I slam my fingers deeper, grinding the hook harder against her clit, my voice a vicious snarl.
“Say it. Say you like it. Say you need it. Or I’ll split you open until you can’t walk.”
Her scream tears out of her, desperate, ruined. Her body convulses, slick flooding down my hand, her thighs quaking as she shatters again.
And then the words tumble out, broken, hoarse, soaked in shame:
“I… I like it. Fuck—please, I need it.”
The confession detonates inside me, hotter than blood, sharper than glass. My cock throbs, my grin stretches wide and feral. I drag my soaked fingers out of her, smearing her slick across her stomach, her chest, painting her in her own surrender.
“Good little fairy,” I rasp, voice guttural. “You’ll never stop needing it. And I’ll never stop giving it until you forget every word but mine.”
Her chest heaves, every breath ragged, her lips still trembling from the words she never meant to give me.I like it. I need it.
Music to a monster.
My fingers glisten in the firelight, dripping with everything I wrung out of her. Wetness coats my knuckles, warm, shining, proof of her betrayal of herself. I smear it over her lips first, slow and mocking, until she whimpers and tries to turn her head.
“No,” I snarl, catching her jaw with my other hand, forcing her face back to mine. My grip is iron, bruising, unyielding. “You confessed. Now swallow it.”
I shove my soaked fingers past her lips, pushing deep against her tongue. She chokes, gagging, tears spilling fresh, but I don’t stop. I curl my fingers, smearing her own release against the roof of her mouth, pressing until she has no choice but to suck me clean.
Her muffled sob vibrates around my hand, and my cock throbs hard at the sound. Her throat works, swallowing every filthy drop I push into her. Her eyes burn up at me, defiant even as her body betrays her again, her tongue dragging across my fingers like she can’t help herself.

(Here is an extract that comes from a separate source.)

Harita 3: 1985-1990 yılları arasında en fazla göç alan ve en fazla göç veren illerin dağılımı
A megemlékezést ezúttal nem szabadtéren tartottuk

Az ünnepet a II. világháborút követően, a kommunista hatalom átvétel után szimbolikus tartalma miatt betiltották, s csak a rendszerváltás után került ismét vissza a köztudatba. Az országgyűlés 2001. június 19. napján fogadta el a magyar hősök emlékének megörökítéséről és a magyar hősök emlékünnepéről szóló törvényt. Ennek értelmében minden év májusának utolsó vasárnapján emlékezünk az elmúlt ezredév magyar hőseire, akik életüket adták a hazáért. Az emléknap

“Good girl,” I rasp, dragging my fingers deeper, fucking her mouth slow, filthy, until saliva and slick drip from the corner of her lips. “Taste what you begged for. Taste what you need.”

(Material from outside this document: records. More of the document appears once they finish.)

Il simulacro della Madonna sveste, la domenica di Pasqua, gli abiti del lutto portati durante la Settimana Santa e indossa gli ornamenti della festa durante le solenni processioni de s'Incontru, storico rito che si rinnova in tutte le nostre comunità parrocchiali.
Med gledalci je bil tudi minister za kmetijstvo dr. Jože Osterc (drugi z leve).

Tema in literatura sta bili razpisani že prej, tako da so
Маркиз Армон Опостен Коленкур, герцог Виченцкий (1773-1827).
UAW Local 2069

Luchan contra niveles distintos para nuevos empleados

Her lashes flutter, her throat working, every swallow another nail in the coffin of who she used to be.
When I finally drag my fingers out, strings of spit and wetness connect us. I smear the mess across her cheek, down her neck, marking her with it.

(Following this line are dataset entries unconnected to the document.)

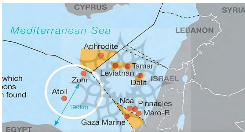
شکل ۲. میدان گازی زهر

سرمایه‌گذاری‌های امارات با جهشی فوق‌العاده به ۶,۶ میلیارد دلار در سال ۲۰۱۸ و ۷,۲ میلیارد دلار در سال ۲۰۱۹ رسید. در جریان دیدار ۱۶ نوامبر ۲۰۱۹، السیسی از امارات و دیدار با محمد بن زاید، طرفین در خصوص سرمایه‌گذاری مشترک ۲۰ میلیارد دلاری در پروژه‌های اقتصادی و اجتماعی توافق نمودند. در مارس ۲۰۱۸ نیز شرکت مبادله پترولیوم ۱۰ درصد از امتیاز میدان عظیم گازی "زهر" در مدیترانه را با مبلغ ۹۳۴ میلیون دلار به دست آورد (بزرگترین میدان گازی مدیترانه با بیش از ۳۰ تریلیون فوت مکعب ذخایر گازی) (Megahid, 2018).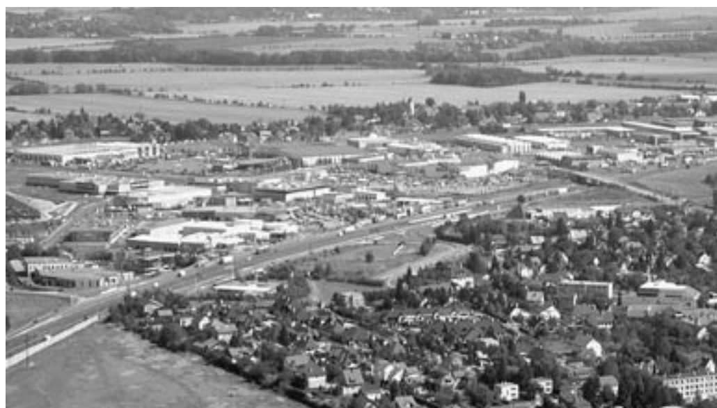
Nákupní areály v Čestlicích. Myslíte, že nám tyto hypermarkety nestačí?

Občanské sdružení OPTIM-EKO uspořádá v říjnu podpisovou akci proti křižovatce a komunikaci v trase JVK. Prosíme, podpořte svým podpisem žádosti městských částí Křeslic, Újezda a Petrovic o definitivní zrušení těchto návrhů. Sledujte informace o podpisové akci ve svém okolí a pomozte zachránit území kde žijeme – jihovýchod Prahy.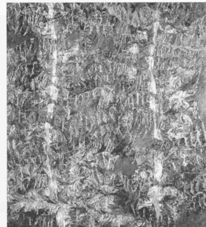
Izquierda: Museo Guggenheim de Frank Gehry. Derecha: obra de Therese Oulton.

Nota: las imágenes fueron provistas por el autor.

Then I grip her chin again, forcing her to look at me, my smile feral, unhinged.
“You’ll never spit me out,” I whisper. “Not my cock. Not my blood. Not my love. You’ll swallow me until I’m the only thing left inside you.”
Tahlia
My mouth still tastes like him.
Salt. Iron. Shame. Need. It coats my tongue, clings to my teeth, refuses to leave no matter how hard I swallow. I want to spit it back in his face, but he’d only make me lick it off the floor.
So I hold it.
I swallow it.
I let it burn inside me like acid.
He’s sprawled against me, heavy, breath thick and ragged, blood smeared across his throat where I cut him, across his chest where I clawed him, across my lips where he forced me to taste myself.
I should feel ruined. I should feel broken.
But what coils in my stomach isn’t ruin.
It’s fire.
Every word he forced out of me, every sound he dragged from my throat, every filthy confession—I hate him for it. I hate myself more. Because the hate is slick and wet and trembling between my thighs. Because the hate feels like need, like hunger, like something I’ll never escape.
My body aches for what he’s already given. My skin burns for more.